Литмир - Электронная Библиотека

Они оба, отец и сын, смотрят, как настоятели льют цветную воду на статую Будды-ребенка. И все придворные наблюдают за ними — распорядителями наших судеб и защитниками царства. Что станется с нами во время правления Рейзея? Возможно, его наивное простодушие и доброта хоть до некоторой степени восстановят спокойствие в империи? Может быть, пожары, ураганы и землетрясения хоть на время прекратятся?

Какие надежды мы возлагаем на этого узкоплечего мальчика! Но ведь он не сможет править самостоятельно. Им самим будут управлять.

Один за другим выходят вперед старшие придворные, которые будут править от имени Рейзея. Они поднимают серебряный кувшин для омовений и моют золоченое лицо Будды. Как грациозно они двигаются! Как искренна их почтительность! Министр левых так благопристоен, что некоторые женщины со вздохом печали закрывают веерами свои лица. Скоро он станет регентом и заставит нас быть покорными.

Во время церемонии Будда оставался неподвижным. И после омовения его лицо такое же спокойное, каким было до того.

Звуки воды, тонкой струйкой стекавшей по лицу божества, напомнили мне собственного сына, когда он был младенцем. Как я боялась, что он утонет, когда нянька опускала его в ванну! Один миг небрежности — и будет слишком поздно. После купания она передавала его мне, волосы на затылке были курчавыми и мокрыми, и, поглаживая их, я чувствовала рукой незатвердевшие места на его голове. Каким странным было это ощущение. Я боялась, что эти податливые места никогда не затвердеют и что он будет таким же уязвимым, как Ребенок Лич.

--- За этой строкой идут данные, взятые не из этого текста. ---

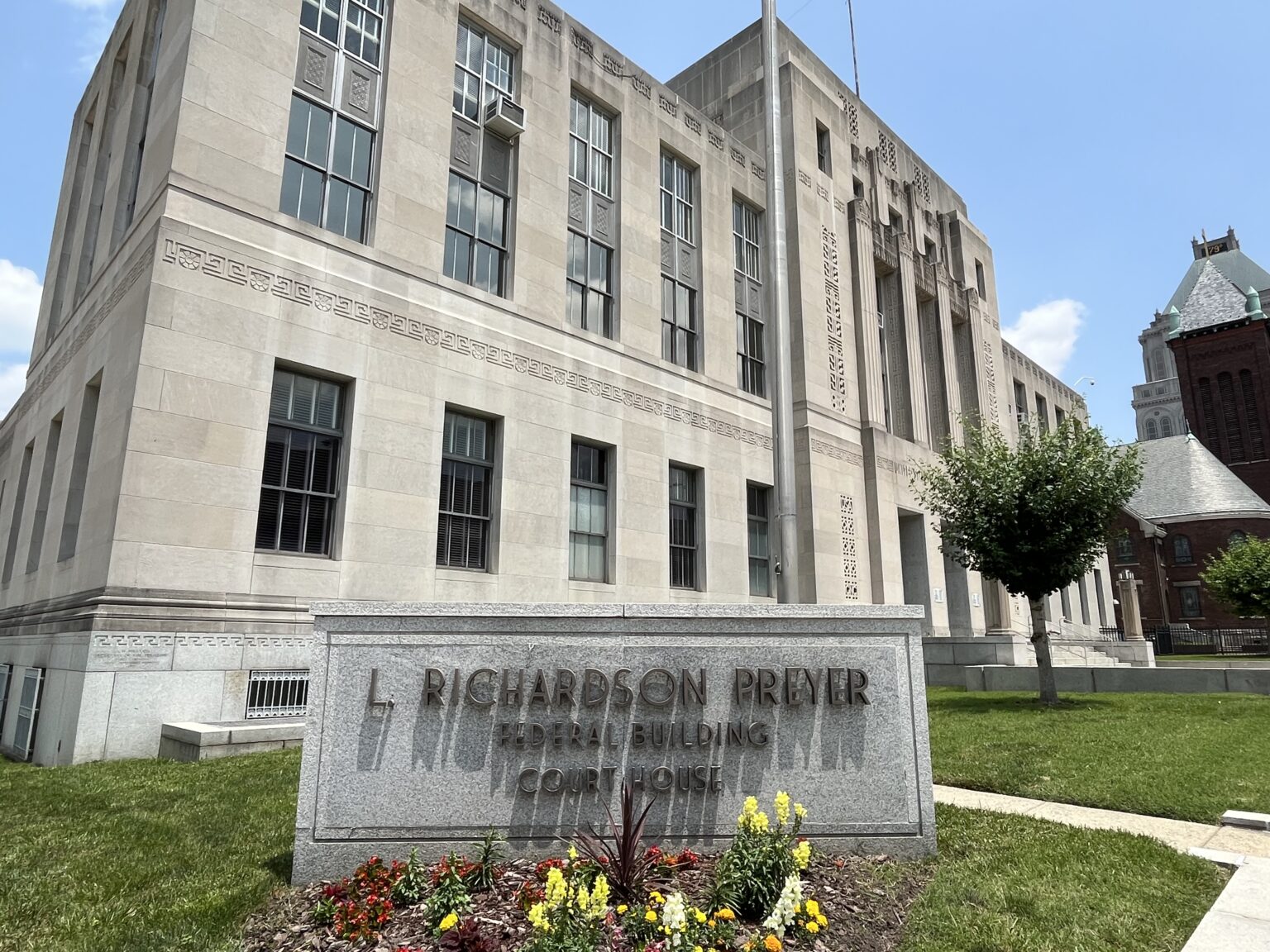 The L. Richardson Preyer Federal Courthouse in Greensboro where on Thursday a federal judge heard arguments in the appeal of the state Board of Elections decisions to reject voting locations at NC A&T State University, UNC-Greensboro, and Western Carolina University. (Photo by Lynn Bonner/NC Newsline)

Заметил ли кто-нибудь мои слезы? Мои щеки были такими же мокрыми, как у маленького Будды. Я держала веер близко к лицу, надеясь, что окружающие сочтут, что моя чувствительность вызвана великолепием одеяний священников, звуком колоколов и цимбал и огромными белыми букетами деуций и лилий.

Роман потерь - _77.jpg

Как душно! Как будто уже наступила середина лета! Кажется, что жара нарастает вместе с прибывающей луной, а по ночам дождь стучит так настойчиво, что его шум вторгается в сновидения. Во дворе и в саду стоят лужи, гофрированные лепестки пионов лежат на размокшей земле.

Женщины развлекаются, просматривая раскрашенные картинки. Меня это не увлекает. Моя сорочка прилипла к спине, от бессонницы у меня пульсирует в висках. Я возвращаю несъеденным холодный рис, сама мысль о еде мне отвратительна и вызывает тошноту. Вместо риса я прошу Юкон принести мне чашку ледяной воды.

Говорят, вода в реках поднялась. Река Камо почти вышла из берегов. Мне очень хочется поехать и посмотреть на это. Когда я была там на днях, вода не казалась такой быстрой, и я могла безбоязненно плыть по течению, моя одежда вздымалась вокруг меня. Или мне это только привиделось? Иногда видения, порождаемые моим воображением, представляются более реальными, чем то, что я вижу перед собой.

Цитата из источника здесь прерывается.